I'm not saying what nV is doing is wrong, but that it's weird, and curious, and I'd like to know more.
Nvidia has historically failed to allow for much manufacturing error, meaning a substantially lower yield on new processes, and clock/heat issues resulting from it.
If you have a voltage drop of .2v in the core and you have a targeted speed of 1Ghz at 1.2vcore, you then have to run 1.4vcore to achieve your target numbers, but at a hugely increased thermal load. I am guessing this is Nvidias problem with this chip, but also why they have been able to beat AMD/ATI in performance per mm. How many threads about dead 8800's do we have due to heat issues? Lower the voltage and heat output and your competitive advantage dies when your clocks fall, and your yields suffer.

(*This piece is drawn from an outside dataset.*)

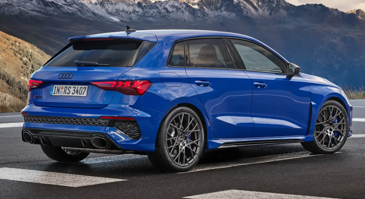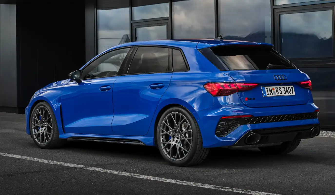 The special model shows its leading position in the RS3 portfolio with a wide range of new design-elements and equipment: in addition to the motorsport-design wheels and the RS-sports exhaust system with black tailpipe trims, the Audi rings and the RS3 badge on the front and rear are also black. This is in perfect harmony with the particular finishes on the RS3 performance edition: these include the pearl-effect colors Nogaro Blue, Arrow Gray and Daytona Gray as well as Sebring Black Crystal Effect and Glacier White Metallic.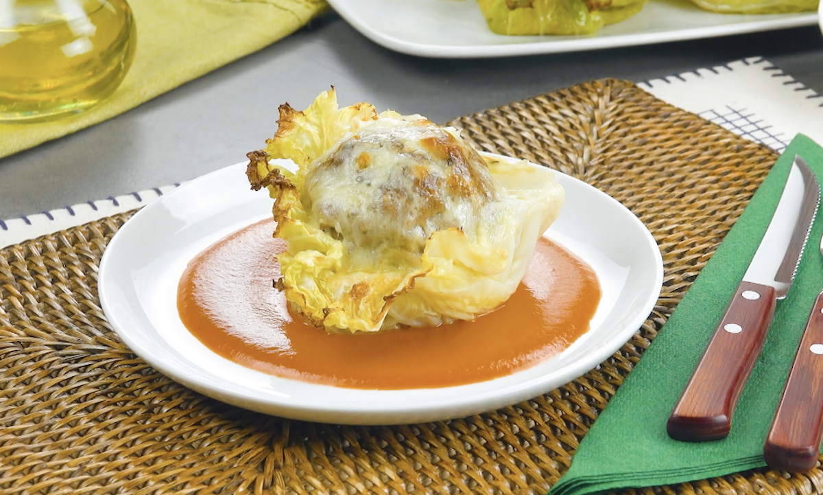Wir lieben Wirsing! Dieser grüne Kohlkopf ist ein ganz wunderbares und gesundes Produkt, mit dem man herrlich kreative Rezepte zubereiten kann. Heute zeigen wir dir, wie man in einer Muffinform mit Käse gefüllte Hackbällchen zubereitet. Und weil uns das an Käse noch nicht reicht, überbacken wir das Ganze auch noch mit Käse. Dazu servieren wir eine sämige Tomatensahnesoße.

With this all said though, I think Kepler is going to be screaming fast, but how much more does your electricity bill have to be to gain that performance and is it worth using your computer as a mini-space heater?
If it were so much cooler they would have used a single slot cooler.
If it was so much faster they would be shouting it from the roof.
If it were available........but its not.
So here we are. Speculation about a feature that mah help fix a problem no one had or cared about, or just some media spin from marketing to generate some green fog in our brains.
Every time people bring up Nvidia cards they feel obligated to describe them as monsterous, hot, power-plant fueled alternatives to AMD's offerings. Clearly people care about Power Consumption, and heat is always an issue, so I have no idea what you're getting at there.
As for the possibility of a Single-Slot Cooler, who knows, but I'm well adjusted to not needing one. Usually only one or two AMD cards are specially designed by manufacturers to support single slot coolers, and those run pretty damn hot. It's just not cost-efficient these days. I don't see people complaining when AMD does it.
You're also forgetting the kicker, this was intended to be Nvidia's mid-range chip. They may not price it accordingly, but that was the original intent.